Date: 2016-02-17 08:09 pm (UTC)
From: [identity profile] khiemtran.livejournal.com
One thing that was bugging me was that if these were night herons then they all didn't have the full adult colouring, and as we saw more and more it became obvious that they couldn't all be juveniles. Then, when we were on our summer holidays, I took a photo of what looked like a real adult nankeen night heron and it looked quite different (some of the earlier pictures that matched the birds we see hear were from the internet and probably mislabelled like mine). Finally, I did a wider search and found that the adult striated heron was a far more likely match. For some reason, it didn't show up in the lists of common birds that the nankeen night heron is in, but they certainly seem more common around here.

Date: 2016-02-17 04:19 pm (UTC)
From: [identity profile] puddleshark.livejournal.com
Those are some amazing pictures. I wish I could get that close to my egrets.

What an extraordinary neck - hard to believe it's the same bird in pictures one and four!

Date: 2016-02-17 08:10 pm (UTC)
From: [identity profile] khiemtran.livejournal.com
Yes, it's a real mystery how it carries it around. I can only guess it's folded up under its feathers, or maybe the skin around its neck is loose enough that you can't see the neck is bent.

Date: 2016-02-17 07:04 pm (UTC)
julesjones: (Default)
From: [personal profile] julesjones
Giggling at the angry penguin, because yes, that is exactly what it looks like in that photo. :-)

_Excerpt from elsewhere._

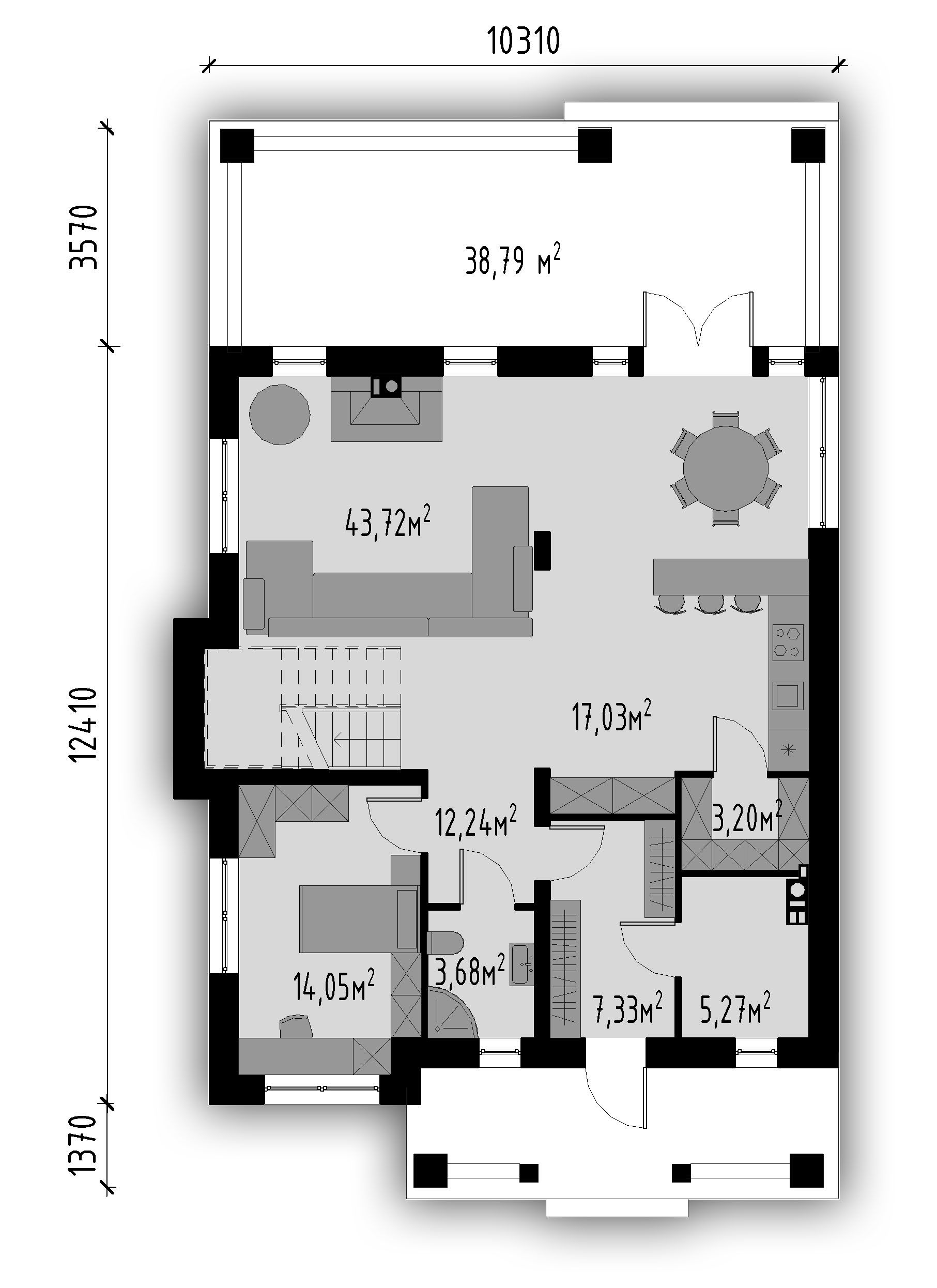 Наши проекты разработаны под стеновые блоки из газобетона, керамзитобетона или керамического блока, поскольку они являются взаимозаменяемыми. Состав наружной стены представляет собой пирог из блока 375мм и утеплителя 50мм/100мм, внутренние несущие стены — это блок 250мм, перегородки — блок 100мм. Вместо блоков 375мм/250мм/100мм, можно использовать блоки 300/400мм, 300мм, 120/150мм соответственно.

Date: 2016-02-17 08:11 pm (UTC)
From: [identity profile] khiemtran.livejournal.com
It does, doesn't it? I think this is actually its alert position, where it's holding its head up high to look around. It's not so obvious in the photo because I'm looking down at it from a small bridge over the creek.

I need a transformer icon...

Date: 2016-02-19 02:17 pm (UTC)
From: [identity profile] asakiyume.livejournal.com
It's a transformer bird--more than meets the eye.

I was also interested in your experience figuring out what type of heron it actually was (what you wrote to [livejournal.com profile] mnfaure up above. I've had that happen too (not with herons, but with plants, which you'd think it would be harder to make mistakes about).

Re: I need a transformer icon...

Date: 2016-02-19 09:50 pm (UTC)
From: [identity profile] khiemtran.livejournal.com
Yes, I just hope other people don't find my mislabelled photos now and use them to make the same mistake.